A young woman named Anahita Nahir, a lower-level employee at the State Department, received a cryptic text the night before the first bombing, a string of numbers sent from a blocked source. Her supervisor shrugged it off as spam, but she wrote the numbers down before she deleted it — and she soon realizes they are related to the bombs, and to one yet to go off. She knows she has to get the information to Ellen.
That is very much only the beginning. Ellen will spend the rest of the book hurtling around the globe from one city to another, racing the clock to find out who is behind the bombings. Everything seems to lead to a ruthless arms dealer named Bashir Shah, “a one-stop shop, a kind of Walmart of weapons, selling not just the materials but the technology.”
Shah (with whom Ellen has a history) was imprisoned, but now he’s not, and he seems to have access to nuclear materials. The truly scary question is: Who are his customers?
Every new discovery is more terrifying than the last, and what adds an extra layer of dread is that we know Clinton actually held this job. As each appalling detail emerged, I found myself wondering whether it had really happened.

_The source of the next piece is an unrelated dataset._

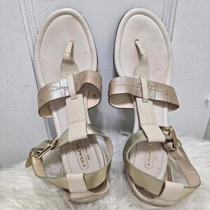 COACH Velvet Vachetta Leather Wedge Sandals Women's Size 6.5B🌴

One of the strongest elements in the book is its depiction of Ellen’s longtime friendship with her counselor, Betsy Jameson, who looks like Beaver Cleaver’s mom but has a much saltier vocabulary. They met on their first day of school, Ellen the cherished daughter of a happy family, Betsy even at age 5 the survivor of horrific abuse. “From that day forward, Ellen and Betsy were almost inseparable. Ellen taught Betsy that goodness existed, and Betsy taught Ellen how to kick attackers in the nuts.”
They’re still supporting each other, telling each other nerdy jokes and occasionally saving each other’s lives. In a White House, and a wider world, where it’s often impossible to tell unlikely friends from even more unlikely enemies, their solid friendship is essential.
“State of Terror” keeps up a relentless pace, with more twists and turns and cliffhangers than I could count. Yet unlike any other thriller character I can think of, Ellen doesn’t punch anyone or shoot anyone or throw anyone out of an airplane. With her, it’s all brain work.
All of it rushes toward one question: Which should we fear more, international terrorism or the homegrown kind?
But don’t worry. It’s fiction. Isn’t it?